Josh Valdez took an executive level job in April 2010 expecting to improve medical services at two Puerto Rican Medicare Advantage health plans owned by a subsidiary of New Jersey company: Aveta Inc.
But a few months after coming on board, the former government health official claims, he discovered that the plans — MMM Healthcare and PMC Medicare Choice — had been cheating Medicare out of hundreds of millions of dollars for years, according to a whistleblower lawsuit he filed in federal court.
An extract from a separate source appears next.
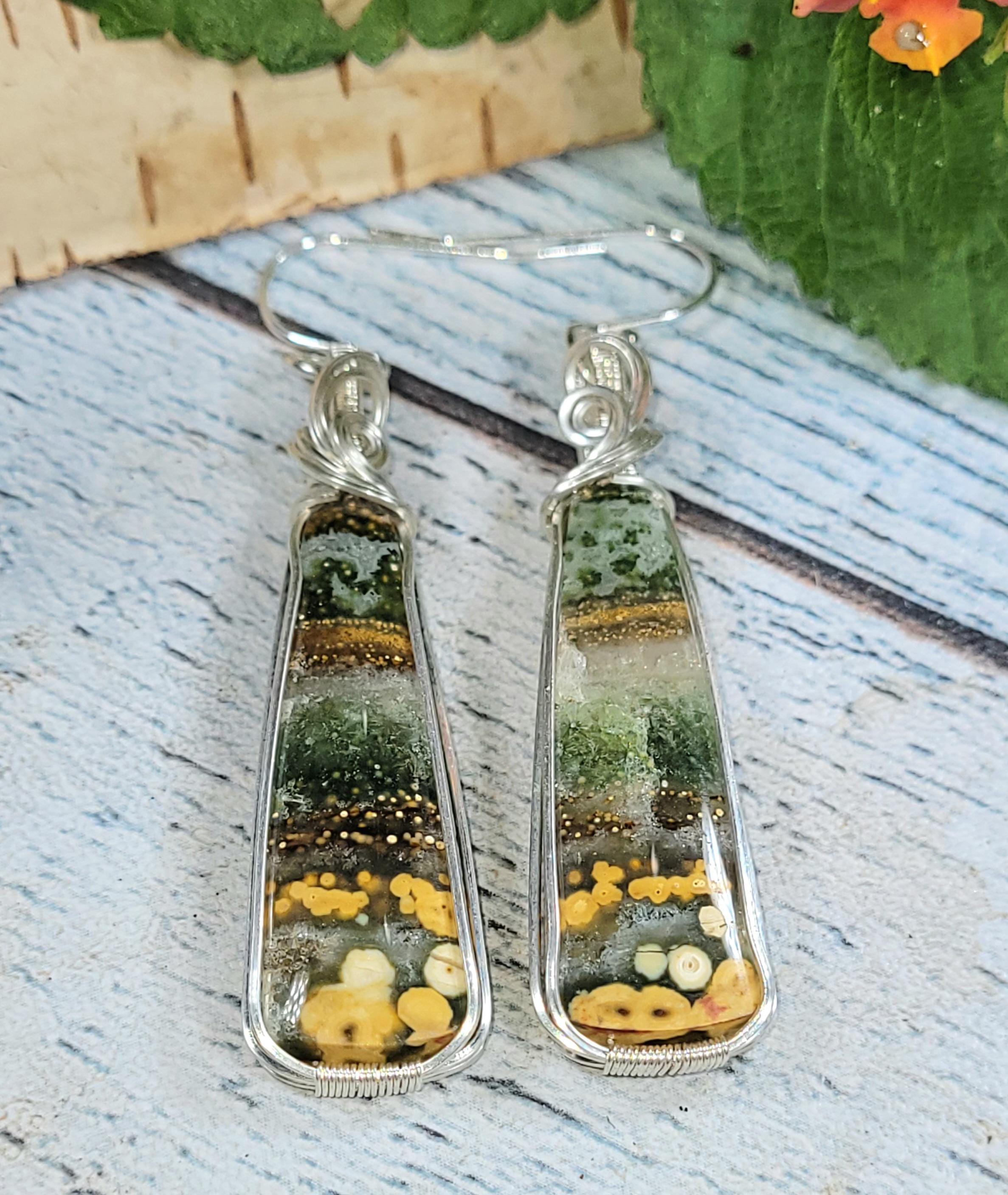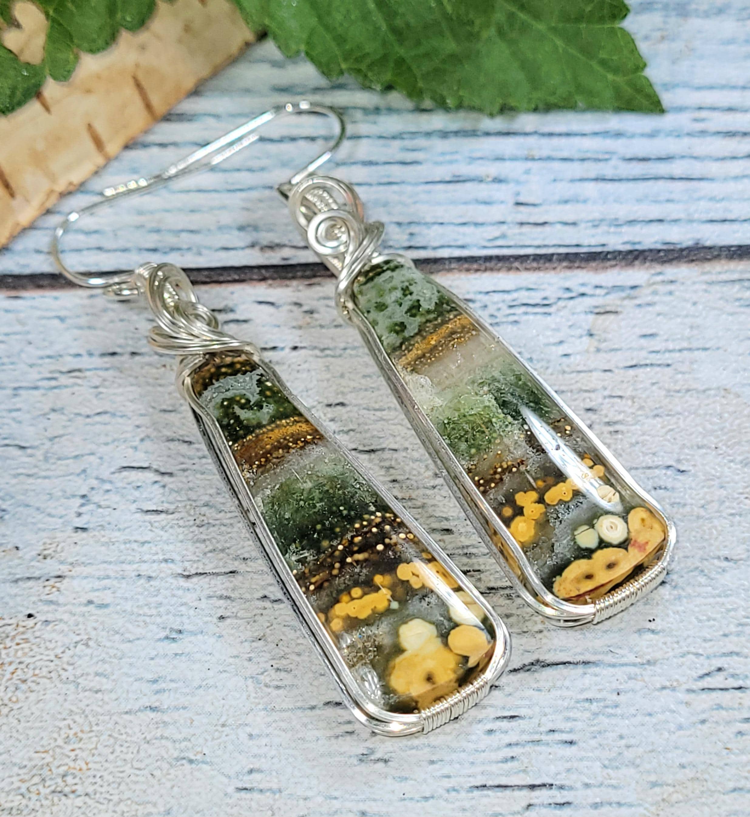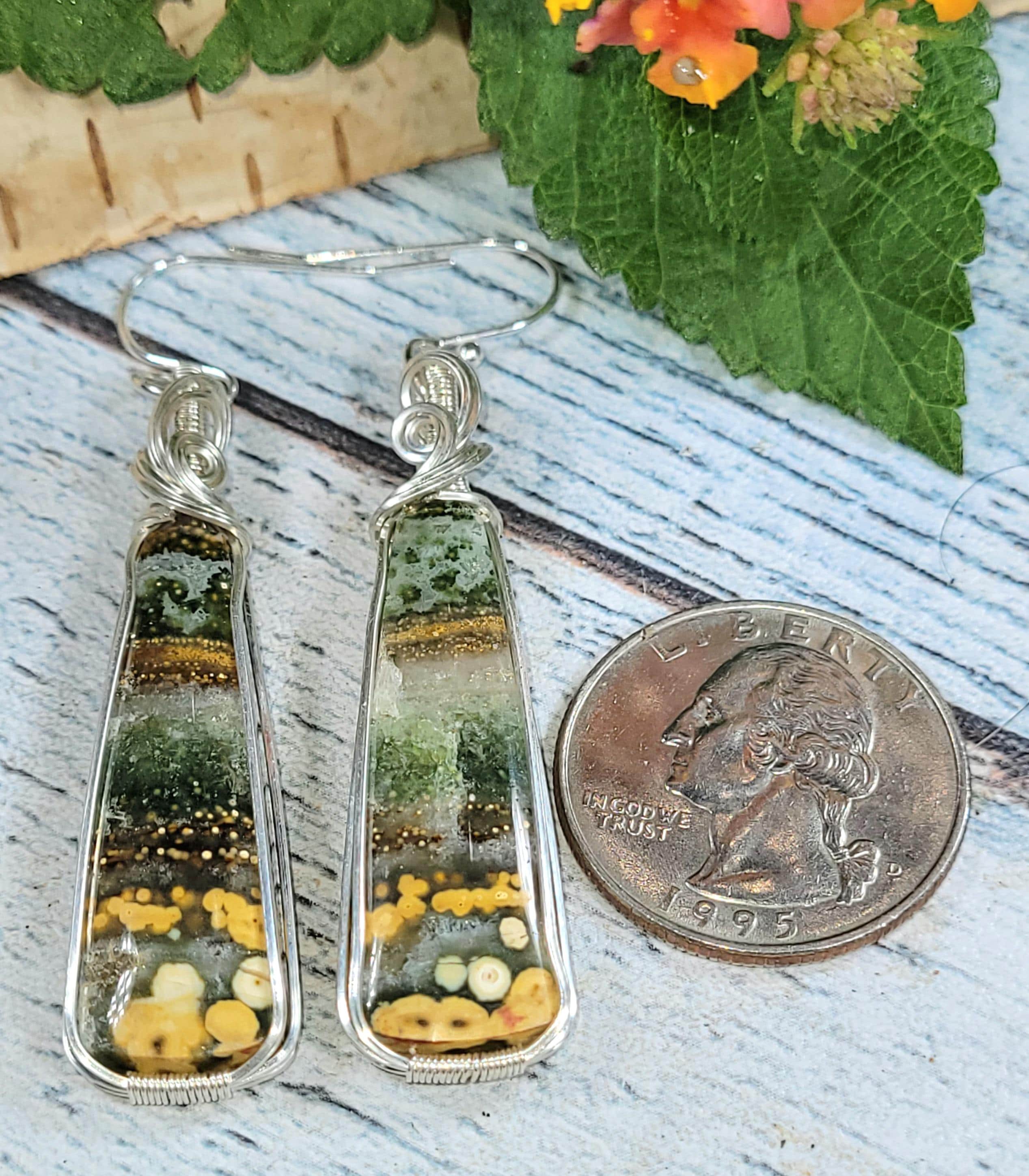 Natural High Grade Ocean Jasper Rectangle Handmade Wire Wrapped .925 Sterling Silver Earrings 11.6 Grams measure 2 1/2" x 9/16" HC53 -This is a handpicked natural stone, the exact one shown in picture. The sterling silver is .925 and stamped. Each piece is handmade by artisans in my shop. The quality of the stones and the silver workmanship is impressive. Please look at other items in my store. I sell ready made jewelry with hand crafted silver work, pendants with a sterling silver bails and beautiful unique stones for jewelry wire wrapping and weaving. You will pay exact amount on shipping plus $1 for supplies and labor. All items are shipped within a couple of days after payment and are shipped USPS first class or international first class. Items are available for combined shipping, if invoice does not combine please email me and I will combine for you. Average shipping will be $4 to 4.50 for USPS first class. International shipping is available for exact amount of shipping plus $1 for labor and supplies also. We also accept returns for refund or exchange. Thanks for viewing my store

Valdez accuses the health plans of “rampant fraud,” alleging they overcharged Medicare $300 million to $350 million a year from 2007 through 2010. He claims that Aveta Chief Executive Officer Richard Shinto fired him “in retaliation for his outspoken opposition to these illegal practices.” Valdez filed the lawsuit in Santa Ana, California, in April 2011, but it remained under court seal until February of this year. The case is pending.
In a May 23 statement to the Center for Public Integrity, the health plans called Valdez a “former disgruntled employee” and added that the company “categorically denies the allegations in the former employee’s lawsuit and is highly confident that it will prevail in the case.”
Valdez is a veteran health care executive and consultant who headed the California regional office of the U.S. Department of Health and Human Services from 2001 through 2003 under President George W. Bush. He also was a health policy adviser to Republican Mitt Romney during the 2012 presidential race.
Valdez said in court papers that he served as president of MSO of Puerto Rico, also owned by a subsidiary of Aveta, for eight months until his dismissal in December 2010. MSO worked with local doctors to coordinate coverage for some 230,000 elderly and disabled people then enrolled in those two Aveta-related Medicare Advantage health plans. In a press release touting his hire, Aveta said Valdez would enhance medical care while “effectively managing healthcare costs.”